Our findings highlight that survivors discuss a great deal of social activity and solidarity when recalling memories of Birkenau. It is important to underline that survivors were not asked by interviewers to address solidarity and social bonds in the camp. It was the survivors' own decision to address these topics. In light of this, we think that what is recalled in the following testimony excerpt cannot be viewed as an anecdotal or nostalgic memory but in fact describes a relatively common experience:

We became friends with everybody — anybody and everybody. We — we — we really cared for each other. We did everything possible to try and encourage each other. If somebody wanted to hang themselves because they couldn't take it any more; we somehow talked 'em out of it. If somebody, for instance, said, I'm giving up, I can't do it any more, we somehow talked them out of it. We maybe shared a little piece of bread. The bread was mostly made out of sawdust, but somehow we put a little piece of bread in his mouth. We did all kinds of those kinds of things.  [Gross 1996, Tape 2, 00:28:34]

2. Comparative analysis of solidarity and social relations in narratives of men and women

Men and women were detained and housed in different sections of Birkenau. We therefore examined and compared the probability of topics related to acts of solidarity and social bonds in narratives of women and men (see the Methodology section). To prove that differences were not due to either chance or sample bias, we used the method of bootstrapping (see below and the Methodology section) [Efron et al. 2004]. Again, we compared the importance of topics related to acts of solidarity and social bonds in narratives of men and women by drawing on normalized closeness centrality and the PageRank value. We also used the Fisher’s exact test to assess whether the difference is statistically significant (p value 0.05) [Fisher 1922]. Finally, we measured the strength of association between gender and each topic with odds ratio analysis (Morris and Gardner, 1988). This enabled us to focus on specific forms of social bonds and acts of solidarity (see Figure 2).
Image of a bar graph
Figure 2. 
Topics more likely to be discussed by women. Strength of association of topic words for gender of Auschwitz-Birkenau survivors was obtained by using odds ratio analysis; topic words are positively or negatively correlated for strengths of association >1 or <1, respectively; dot line shows a degree of association equals to one; the difference is statistically significant (p <0.05).
Image of a bar graph
Figure 3. 
Topics more likely to be discussed by men. Strength of association of topic words for gender of Auschwitz-Birkenau survivors was obtained by using odds ratio analysis; topic words are positively or negatively correlated for strengths of association >1 or <1, respectively; dot line shows a degree of association equals to one; the difference is statistically significant (p <0.05).

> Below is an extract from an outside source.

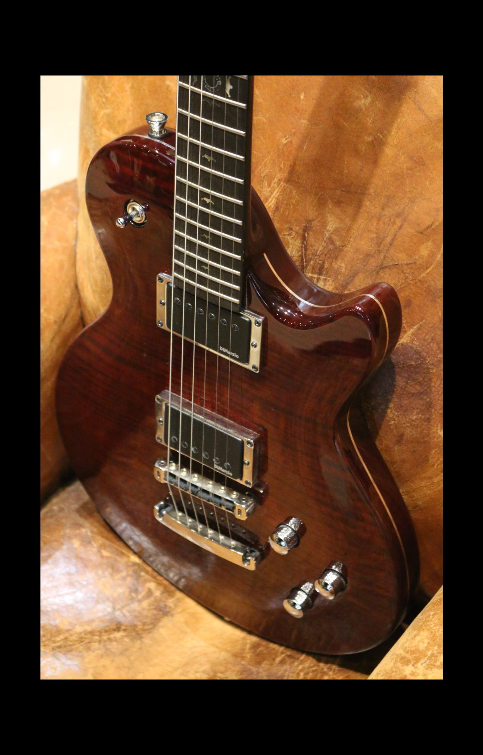 Inspired by single-cut models such as the Les Paul, it stands out for its meticulous craftsmanship and premium materials : an African mahogany body with a figured maple top, a set-in reinforced mahogany neck, and an ebony fingerboard.

We found that the topic social bonds is much more probable in testimonies of women; in their testimonies we are significantly more likely to hear about discussions of social relations in the camp. Our findings through bootstrapping is particularly revealing (see Figure 3). In short, over thousands of times we randomly sampled testimonies of women and men; each time we trained two Markov State Models over the same state space and measured the stationary probability of every topic. We observed that even if we randomly select testimonies of men and women, in the testimonies of women social bonds will always be more probable. The measurement of strength of association also confirmed this finding. Social bonds is positively correlated with women and negatively correlated with men. Finally, the normalized closeness centrality and the PagreRank value are also higher when testimonies of men and women are modeled as directed graphs.
In the case of the topic aid giving the difference between men and women is less strong. The probability of this topic is only by 7 percent higher in testimonies of women, even though the difference between men and women is statistically significant and remains consistent through the randomized sampling (see Figure 3). Similarly, the normalized closeness centrality and the PageRank value are higher for women.

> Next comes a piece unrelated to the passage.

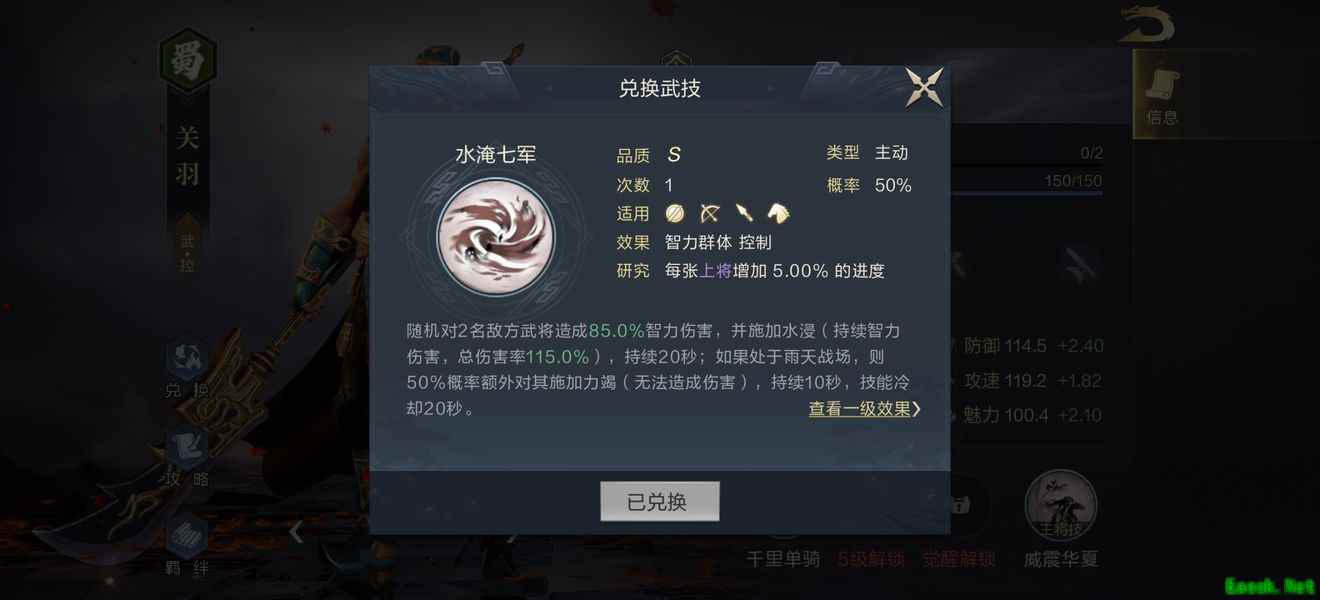 鸿图中关羽的兑换武技被设定为水淹七军。

Image of plotted bars, some orange some blue.
Figure 4. 
Bootstrap sample distributions for stationary probabilities for aid giving. The orange represents women, the blue men, and the dotted line the model estimate. Note that the distributions do not overlap. On the one hand, this means that the difference between stationary probabilities is significant given our model. On the other hand, it shows that if we randomly sample interviews by men and women over thousands of times, the stationary probability of topics above will always be higher in the women sample. In other words, the difference between men and women is consistent and not due to sample bias.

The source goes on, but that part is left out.